Large Language Models (LLMs) present an interesting opportunity for Nokia to increase its efficiency and improve the usability of our products (by automating routine tasks, by augmenting human experts in specialized areas, etc.). However, for Nokia, a company renowned as a trusted and reliable partner, data confidentiality and privacy are paramount.

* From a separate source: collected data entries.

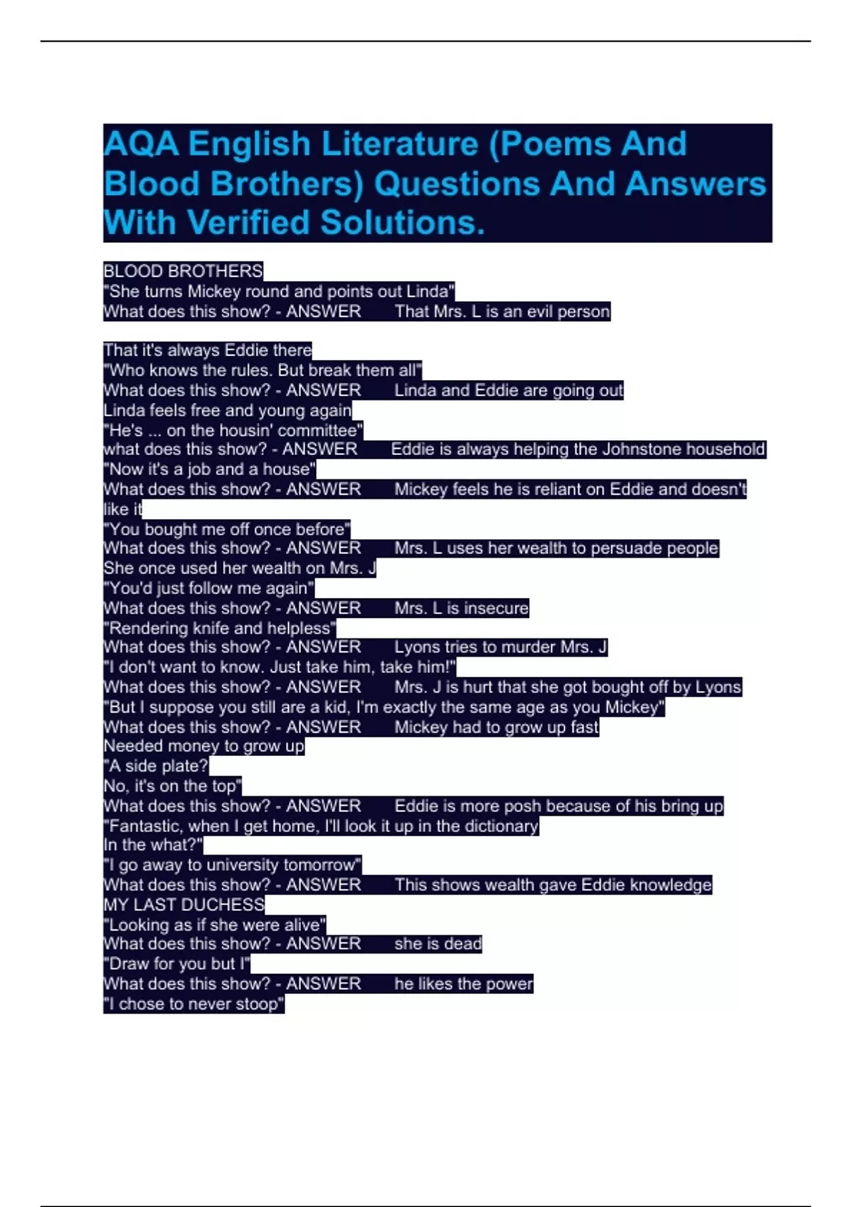 AQA English Literature (Poems And Blood Brothers) Questions And Answers With Verified Solutions.
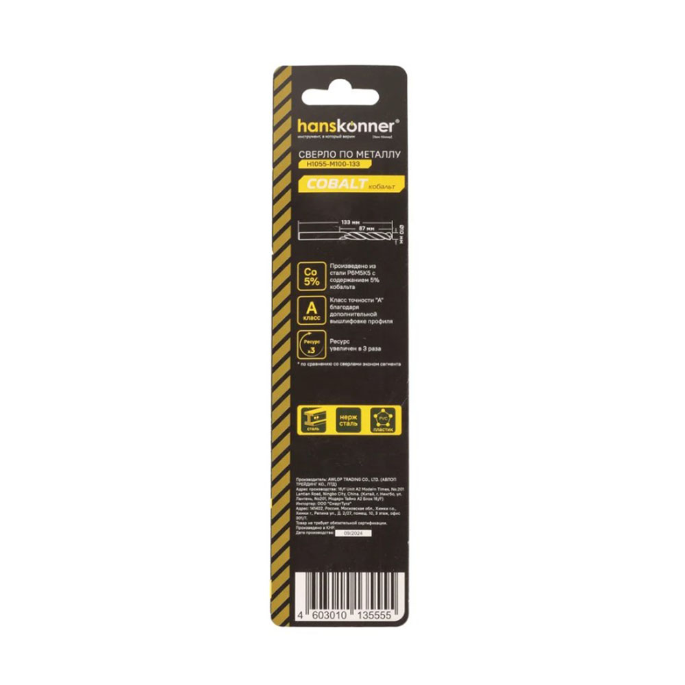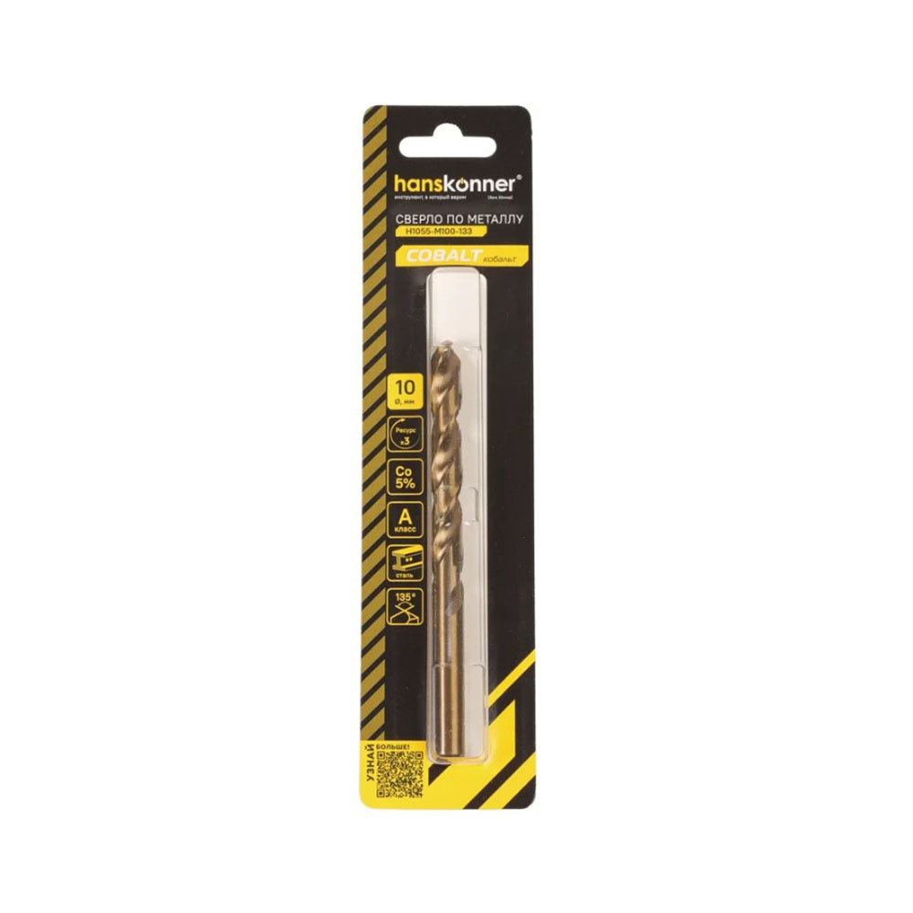 Сверло по металлу кобальтовое 10,0 мм Hanskonner - представляет собой надежный инструмент для работы с металлическими материалами. Изготовленное из высококачественной стали, оно обеспечивает долговечность и устойчивость к износу. Спиральная форма стружкоотвода способствует эффективному удалению стружки, что улучшает производительность и точность сверления. Цилиндрический хвостовик обеспечивает надежную фиксацию в патроне, а угол заточки 135 градусов способствует легкому началу сверления и снижает риск смещения. Это сверло идеально подходит для профессионального использования, обеспечивая высокую точность и качество обработки.
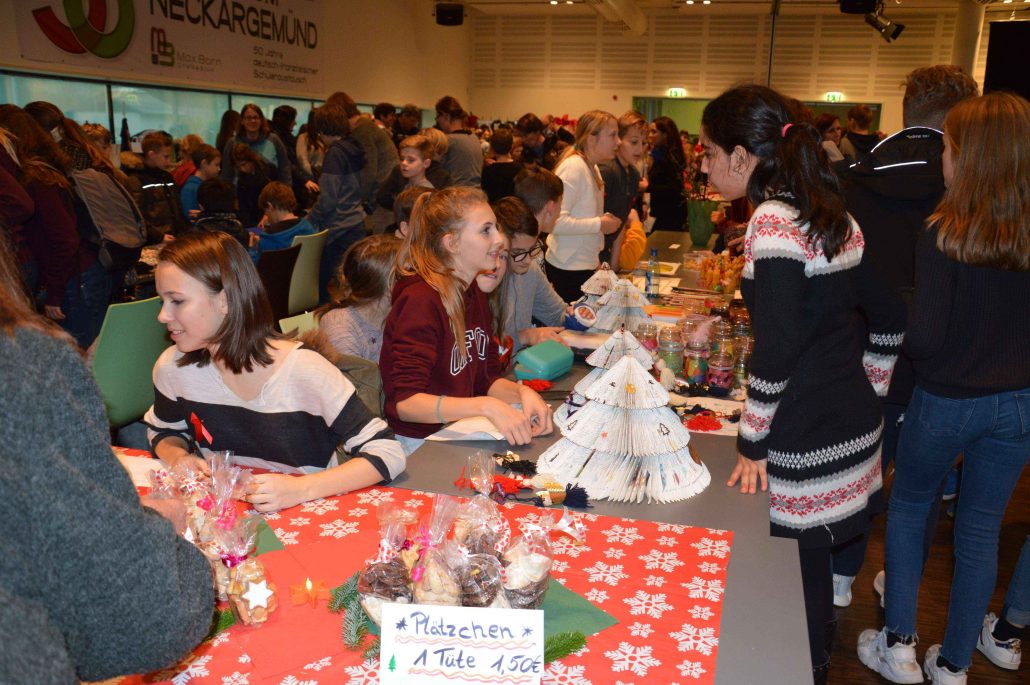 Mit weih­nacht­li­chem Gesang stimm­ten die neu­en Fünft­kläss­ler die Gäs­te auf die Advents­zeit ein: „Hörst du‘s rascheln oder knis­tern und geheim­nis­voll noch flüs­tern… Na-na! A-ha! Jetzt ist Weih­nach­ten schon ganz nah!“, ein Weih­nachts­lied von Rolf Kren­zer, sowie „Win­ter rose“ von Matt Devitt. Anschlie­ßend wur­den die Schü­le­rin­nen und Schü­ler zu flei­ßi­gen Ver­käu­fern: sie prie­sen hüb­sche Vogel­fut­ter­häus­chen aus Kaf­fee­tas­sen, selbst her­ge­stell­te Gewürz­mi­schun­gen wie Glüh­wein­ge­würz, Ros­ma­rin­salz, Chi­li­salz und Brat­ap­fel­ge­würz in hüb­schen Fläsch­chen, Christ­mas Cra­cker, Wal­dorf­leuch­ten, Tas­sen­scho­ko­la­de, eine klei­ne Aus­zeit in einer Tüte, Bade­salz­bom­ben, Lese­zei­chen, Weih­nachts­kar­ten, Brot­tü­ten­ster­ne, Bie­nen­wachs­ker­zen, selbst gestal­te­te Later­nen aus Glas, Weih­nachts­bäu­me aus alten Buch­sei­ten und vie­les mehr. Die älte­ren Schü­ler küm­mer­ten sich um das leib­li­che Wohl mit Cre­pes, Waf­feln, hei­ßer Scho­ko­la­de, Kin­der­punsch und hei­ßer Capri-Sun.

As such, special measures need to be taken into account when deploying such LLMs onto sensitive data, especially when such LLMs are deployed remotely as a service, or when the sensitive data is sourced from various stakeholders.
In this PhD internship, you will research techniques to qualify and quantify how much confidential data could be leaked or exposed when processed by GenAI-driven applications. For this, you will combine empirical evaluations with theoretical modeling, and investigate the advantages and disadvantages of various mitigation strategies to reduce this leakage.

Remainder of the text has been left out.